■ **What to do**: What follows is a listing to transcribe exactly, leaving the pictures out.

■ **Given data**:
○ ○ ○

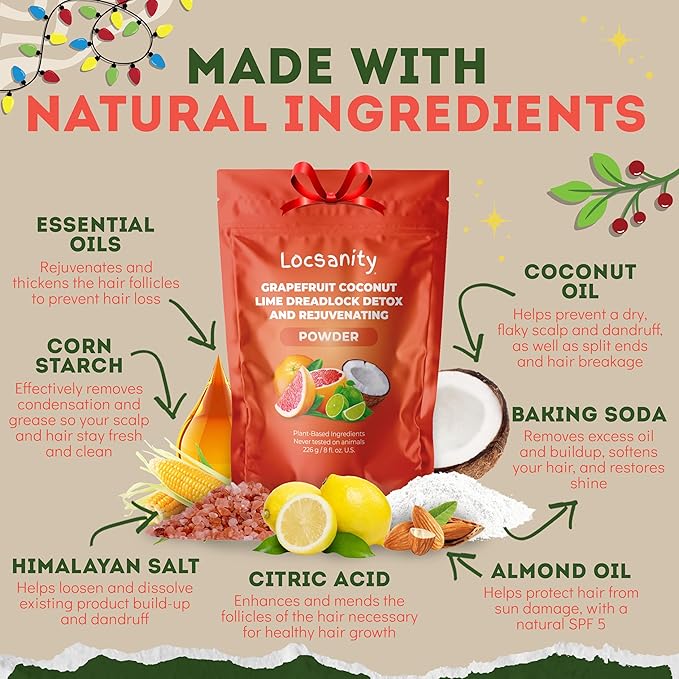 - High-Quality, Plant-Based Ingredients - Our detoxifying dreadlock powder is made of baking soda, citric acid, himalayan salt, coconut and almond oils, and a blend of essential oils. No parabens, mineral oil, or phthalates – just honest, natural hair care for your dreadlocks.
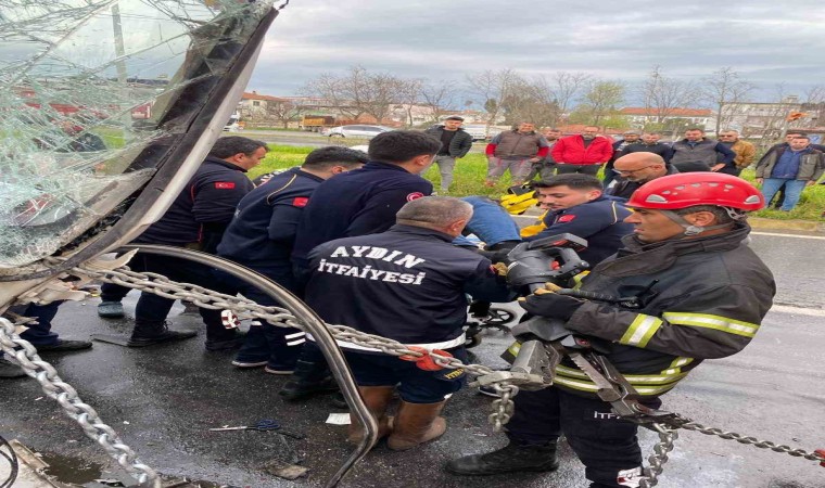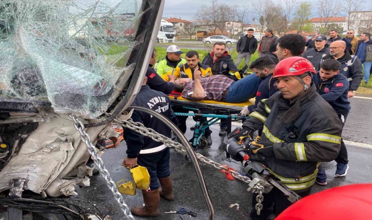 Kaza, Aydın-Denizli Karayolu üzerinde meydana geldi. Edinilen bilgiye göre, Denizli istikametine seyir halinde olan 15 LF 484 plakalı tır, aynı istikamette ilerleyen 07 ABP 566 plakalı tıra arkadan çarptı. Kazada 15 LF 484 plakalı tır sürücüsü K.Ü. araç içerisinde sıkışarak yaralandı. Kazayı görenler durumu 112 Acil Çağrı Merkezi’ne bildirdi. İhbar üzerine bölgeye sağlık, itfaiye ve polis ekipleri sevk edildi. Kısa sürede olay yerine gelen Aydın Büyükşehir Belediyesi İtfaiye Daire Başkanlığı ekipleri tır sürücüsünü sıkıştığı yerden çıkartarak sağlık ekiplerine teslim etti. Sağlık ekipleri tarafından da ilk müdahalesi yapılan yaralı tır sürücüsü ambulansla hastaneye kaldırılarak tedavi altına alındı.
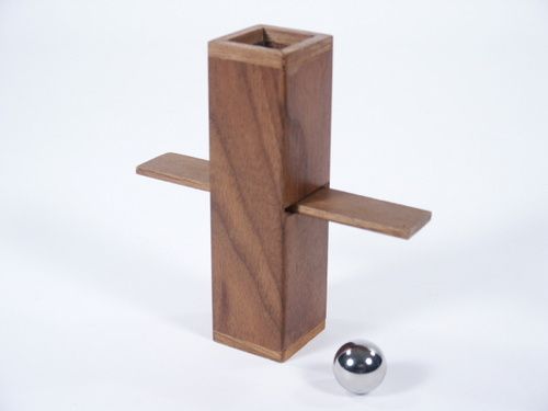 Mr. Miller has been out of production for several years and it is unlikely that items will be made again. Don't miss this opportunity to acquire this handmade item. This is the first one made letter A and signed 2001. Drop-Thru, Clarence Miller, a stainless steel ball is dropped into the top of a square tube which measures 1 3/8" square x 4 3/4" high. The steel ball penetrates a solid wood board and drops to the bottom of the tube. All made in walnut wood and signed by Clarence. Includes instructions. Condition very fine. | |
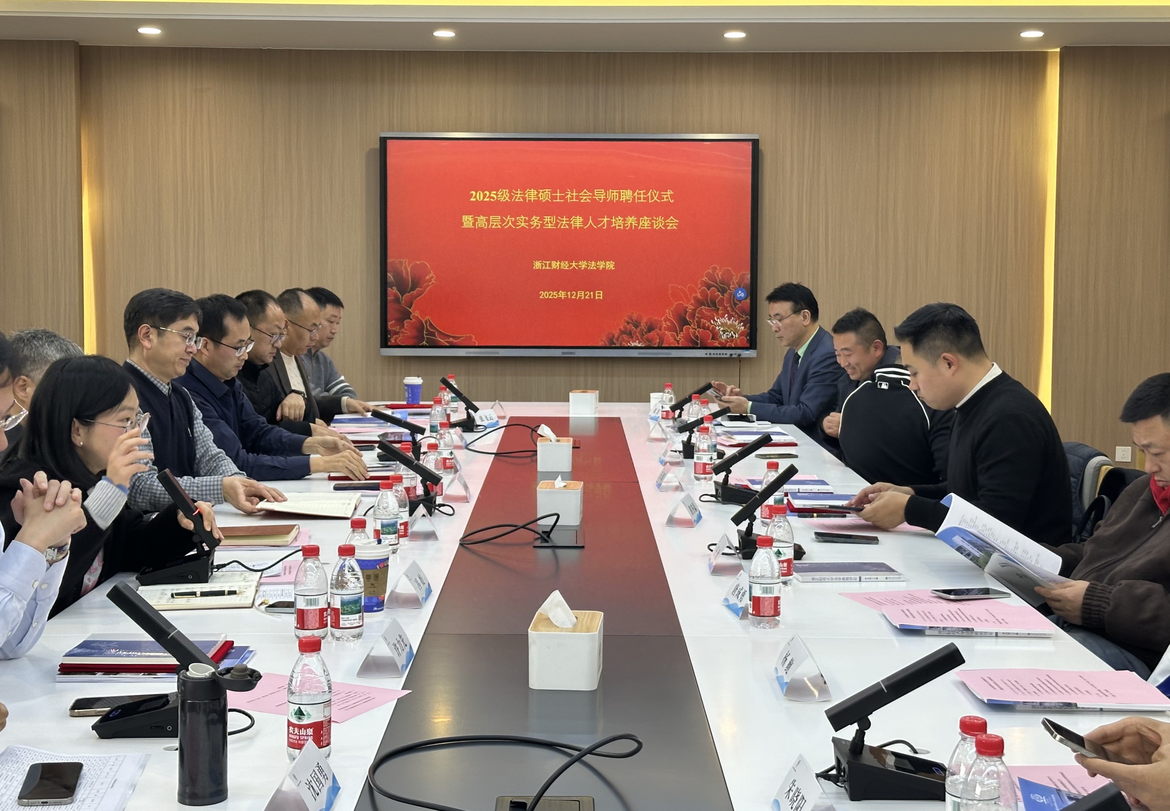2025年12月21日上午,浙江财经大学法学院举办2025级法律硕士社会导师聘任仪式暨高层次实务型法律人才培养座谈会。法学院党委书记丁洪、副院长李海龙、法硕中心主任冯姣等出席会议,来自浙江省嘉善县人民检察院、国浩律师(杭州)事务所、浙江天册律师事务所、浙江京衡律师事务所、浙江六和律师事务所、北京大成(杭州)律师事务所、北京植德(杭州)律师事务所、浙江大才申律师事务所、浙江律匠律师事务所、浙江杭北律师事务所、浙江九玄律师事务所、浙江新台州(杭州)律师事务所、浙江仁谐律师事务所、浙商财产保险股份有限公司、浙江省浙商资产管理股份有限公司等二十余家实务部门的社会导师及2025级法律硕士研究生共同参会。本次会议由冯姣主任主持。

○ ○ ○

■ **Your solution**:
 - High-Quality, Plant-Based Ingredients - Our detoxifying dreadlock powder is made of baking soda, citric acid, himalayan salt, coconut and almond oils, and a blend of essential oils. No parabens, mineral oil, or phthalates – just honest, natural hair care for your dreadlocks.
 Kaza, Aydın-Denizli Karayolu üzerinde meydana geldi. Edinilen bilgiye göre, Denizli istikametine seyir halinde olan 15 LF 484 plakalı tır, aynı istikamette ilerleyen 07 ABP 566 plakalı tıra arkadan çarptı. Kazada 15 LF 484 plakalı tır sürücüsü K.Ü. araç içerisinde sıkışarak yaralandı. Kazayı görenler durumu 112 Acil Çağrı Merkezi’ne bildirdi. İhbar üzerine bölgeye sağlık, itfaiye ve polis ekipleri sevk edildi. Kısa sürede olay yerine gelen Aydın Büyükşehir Belediyesi İtfaiye Daire Başkanlığı ekipleri tır sürücüsünü sıkıştığı yerden çıkartarak sağlık ekiplerine teslim etti. Sağlık ekipleri tarafından da ilk müdahalesi yapılan yaralı tır sürücüsü ambulansla hastaneye kaldırılarak tedavi altına alındı.
 Mr. Miller has been out of production for several years and it is unlikely that items will be made again. Don't miss this opportunity to acquire this handmade item. This is the first one made letter A and signed 2001. Drop-Thru, Clarence Miller, a stainless steel ball is dropped into the top of a square tube which measures 1 3/8" square x 4 3/4" high. The steel ball penetrates a solid wood board and drops to the bottom of the tube. All made in walnut wood and signed by Clarence. Includes instructions. Condition very fine. | |
2025年12月21日上午,浙江财经大学法学院举办2025级法律硕士社会导师聘任仪式暨高层次实务型法律人才培养座谈会。法学院党委书记丁洪、副院长李海龙、法硕中心主任冯姣等出席会议,来自浙江省嘉善县人民检察院、国浩律师(杭州)事务所、浙江天册律师事务所、浙江京衡律师事务所、浙江六和律师事务所、北京大成(杭州)律师事务所、北京植德(杭州)律师事务所、浙江大才申律师事务所、浙江律匠律师事务所、浙江杭北律师事务所、浙江九玄律师事务所、浙江新台州(杭州)律师事务所、浙江仁谐律师事务所、浙商财产保险股份有限公司、浙江省浙商资产管理股份有限公司等二十余家实务部门的社会导师及2025级法律硕士研究生共同参会。本次会议由冯姣主任主持。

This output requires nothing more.